Timeline (PYT, UTC-3)¶
| Time | Event |
|---|---|
| ~01:00 | ISP outage begins (Tigo) |
| ~01:00 | All Tailscale tunnels to homelab nodes drop (no internet → no DERP relay) |
| ~01:00 | Uptime Kuma on VPS detects all homelab monitors as DOWN |
| ~05:00 | ISP restores service |
| ~05:00 | OPNsense WAN auto-renews DHCP lease (181.127.152.105) |
| ~05:00 | Tailscale tunnels begin reconnecting on Docker VM, NAS, Proxmox |
| 05:20 | Investigation begins — Mac on phone hotspot, USB-C ethernet to MokerLink switch |
| 05:22 | Mac gets 192.168.2.100 on LAN (OPNsense DHCP not responding to new adapter) — manually set 192.168.0.300 |
| 05:25 | Confirmed: OPNsense has WAN IP, can ping 8.8.8.8. Proxmox and Docker VM also have internet |
| 05:28 | Found 3 containers crash-looping: immich-db, paperless-db, authelia |
| 05:30 | Root cause: missing .env files for 5 stacks (photos, documents, auth, media, monitoring) |
| 05:32 | Generated secrets, created .env files, fixed Authelia volume permissions |
| 05:33 | All containers recovered. Authelia schema migrated (v0→v23), listening on :9091 |
| 05:40 | All Tailscale nodes online. Full homelab operational |
Root Causes¶
1. ISP Outage (external, uncontrollable)¶
Tigo Paraguay had a ~4-hour service interruption. The ARRIS modem in bridge mode passes through the ISP connection to OPNsense WAN. No local mitigation possible for this.
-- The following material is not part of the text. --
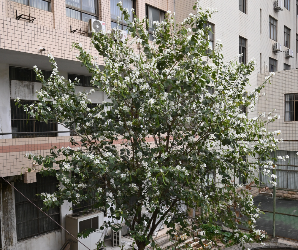 太阳成集团tyc33455cc第四教学楼院子里盛开的白花宫粉羊蹄甲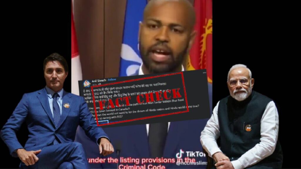 नवी दिल्ली | 22 सप्टेंबर 2023 : खलिस्तान चळवळीला खतपाणी घालणाऱ्या कॅनडा सरकारच्या उलट्याबोंबामुळे दोन्ही देशांचे संबंध ताणल्या गेले आहेत. ते तुटण्यापर्यंत ताणल्या गेले आहे. खलिस्तानी दहशतवादी हरदीप सिंग निज्जर याची हत्या भारत सरकारने घडवून आणल्याचे विश्वसनीय कारणं समोर आल्याचा गंभीर आरोप पंतप्रधान जस्टीन ट्रूडो (PM Justin Trudeau) यांनी केला होता. भारतीय राजदूताची हकालपट्टी केली. त्यानंतर भारताने कॅनडाला त्यापेक्षाही खरमरीत उत्तर दिले. आता भारतातील राष्ट्रीय स्वयंसेवक संघावर कॅनडा सरकारने बंदी (Canda Ban RSS) घातल्याच्या बातम्यांनी वातावरण आणखी तापवलं आहे. सध्या या वृत्तानं भारतासह जगभर धुमाकूळ घातला आहे. खरंच कॅनडा सरकारने आरएसएसवर बंदी घातली आहे का? या व्हायरल मॅसेजमागील सत्य तरी काय?

2. No Remote Access During Outage¶
All homelab nodes connect to the self-hosted Headscale coordinator (hs.cronova.dev) on the VPS via the internet. When the ISP goes down:
- Tailscale tunnels on Docker VM, NAS, and Proxmox cannot reach Headscale
- Existing tunnels expire within minutes
- The only access path is physical LAN — requiring the operator to be on-site and connected to the MokerLink switch
Impact: Cannot diagnose or fix any issue remotely during an ISP outage.
3. Missing .env Files (pre-existing)¶
Five Docker Compose stacks on the Docker VM had no .env files:
photos/.env(Immich) —POSTGRES_PASSWORDempty →immich-dbcrash loopdocuments/.env(Paperless) —POSTGRES_PASSWORDempty →paperless-dbcrash loopauth/config/secrets/(Authelia) — missing JWT, session, encryption keys → crash loopmedia/.env(Jellyfin/arr stack) — not actively runningmonitoring/.env(Grafana) — Grafana running with defaults
These stacks were committed as templates but never fully deployed with secrets. The containers had been started previously with stale or Docker-cached environment, and the outage-triggered restarts exposed the missing configuration.
4. Authelia Volume Permissions¶
The authelia-data named volume was owned by root, but Authelia runs as UID 1000. After generating the secret files, the container couldn't write its SQLite database to /data. Required chown 1000:1000 /data.
5. Authelia Healthcheck Command Outdated¶
The Docker Compose healthcheck uses authelia healthcheck, which doesn't exist in Authelia v4.39.x. The correct check is curl -f <http://localhost:9091/api/health.> This causes the container to report unhealthy despite functioning correctly.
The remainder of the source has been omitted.